United States v. Sherry

294 F. 684 | N.D. Ill. | 1923

WIEKERSON, District Judge.

Defendant is indicted under the Harrison Act (Comp. St. §§ 6287g-6287q). He petitions for the return of some prescriptions which he claims were seized at his drug store and taken away by the government’s agents in violation of his constitutional rights. The prescriptions were issued and kept to meet the requirements of the second section of the act (section 6287h). That section provides that the dealer—

“sliall preserve such prescription for a period of two years from the day on which such prescription is filled in such a way as to be readily accessible to inspection by the [government] officers, agents, employees, and officials. 4c * * n

In this case there was no search warrant. The agents went to the drug store to inspect these records required by law to be kept and preserved. No objection was made to their entry and to the inspection of the prescriptions by them. The prescriptions were removed by the government agents to the office of their department for more convenient and thorough examination. Defendant offers evidence, as to some of the prescriptions, that objection was made to the removal. This is denied by the government agents. As to' the other prescriptions it seems to be conceded that no such objection was made.

As to the claim under the Eifth Amendment, it becomes necessary to determine the nature of the documents and the capacity in which they were held.
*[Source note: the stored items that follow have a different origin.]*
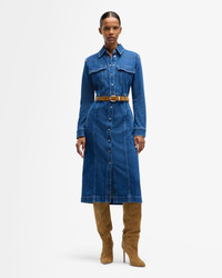 Fits like: Tailored through the bodice, skimming the waist with a softly structured A-line skirt. Refined and elongating in all the right ways. Feels like: Gentle on the skin with a soft hand and breathable feel, this fabric moves easily and wears light. The Details: - Dark wash - Full-length snap front for easy polish - Defined waist with a subtle, built-in belt effect - Long sleeves with button cuffs - Flap chest pockets and contrast topstitching FABRIC & CARE - 92% Cotton, 6% Elastomultiester, 2% Elastane - Machine wash cold inside out with like colors, lay flat to dry - Imported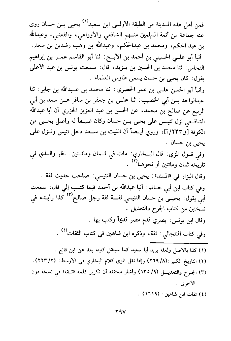 وفي كتاب ابن أبي حاتم: أنبأ عبد الله بن أحمد فيما كتب إلي قال: سمعت أبي يقول: يحيى بن حسان التنيسي ثقة ثقة رجل صالح، كذا رأيته في نسختين من كتاب الجرح والتعديل.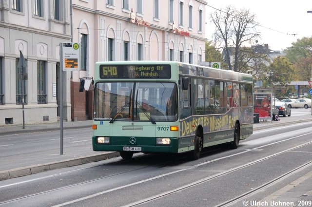 Wagen 9707 wirbt für das Deutsche Museum in Bonn und hat gerade den Fahrgastwechsel an der Haltestelle Thomas-Mann-Straße vollzogen.

Are they of a character which subjects them to the scrutiny demanded? Did the custodian voluntarily assume a duty which overrides his claim of privilege? Applying the principles stated in Wilson v. United States, 221 U. S. 361, 380, 382, 31 Sup. Ct. 538, 55 L. Ed. 771, Ann. Cas. 1912D, 558, these questions must be answered in the affirmative. Drawing the distinction between papers of this character and private papers of the kind involved in the Boyd Case, 116 U. S. 616, 6 Sup. Ct. 524, 29 L. Ed. 746, the court said:

“In the case of public records and official documents, made or kept in the administration of public office, the fact of actual possession or of lawful custody would not justify the officer in resisting inspection, even though the record was made by himself and would supply the evidence of his criminal dereliction. * ® * The principle applies not only to public documents in public offices, but also to records required by law to be kept in order that there may be suitable information of transactions which are the appropriate subjects of governmental regulation and the enforcement of restrictions validly established. There the privilege, which exists as to private papers, cannot be maintained.”

Again, referring to decisions in state courts, in which the privilege against self-incrimination is considered in its relation to records required by law to be kept by druggists, the court said (Wilson v. United States, 221 U. S. 381, 382, 31 Sup. Ct. 545, 55 L. Ed. 771, Ann. Cas. 1912D, 558):

“The fundamental ground of decision in this class of cases, is that where, by virtue of their character and the rules of law applicable to them, the books and papers are held subject to examination by the demanding authority, the custodian has no privilege to refuse production although their contents tend to criminate him. In assuming their custody he has accepted the incident obligation to permit inspection.”

*686As to the claim under the Fourth Amendment (which, of course, is distinct from the one under the Fifth Amendment), I find from the evidence that the taking of the prescriptions and their removal for examination by the agents of the United States were, with the exception of a small part of the prescriptions, with the consent of defendant. As to the others, defendant did not object to their removal._ The agents entered the drug store and proceeded to inspect the prescriptions without objection. In doing this they were in the discharge of their duties under the statute. Certainly in view of the character of these papers, as above pointed out, this cannot be characterized as an unreasonable search. And the taking of the papers which the United States had the right to inspect to the government offices for more convenient examination cannot be viewed as an unreasonable seizure within the meaning of the Fourth Amendment. The protection guaranteed by that amendment is the right of the people to be secure in their, persons, houses, papers, and effects. The papers here involved are records required by law to be kept for inspection by the government.

The motion for the return of these papers is denied. Upon request of defendant, an order will be made that they be impounded with the clerk of this court, so that they may be accessible to both parties in their preparation of the case for trial.

Motion of defendant for return of papers denied.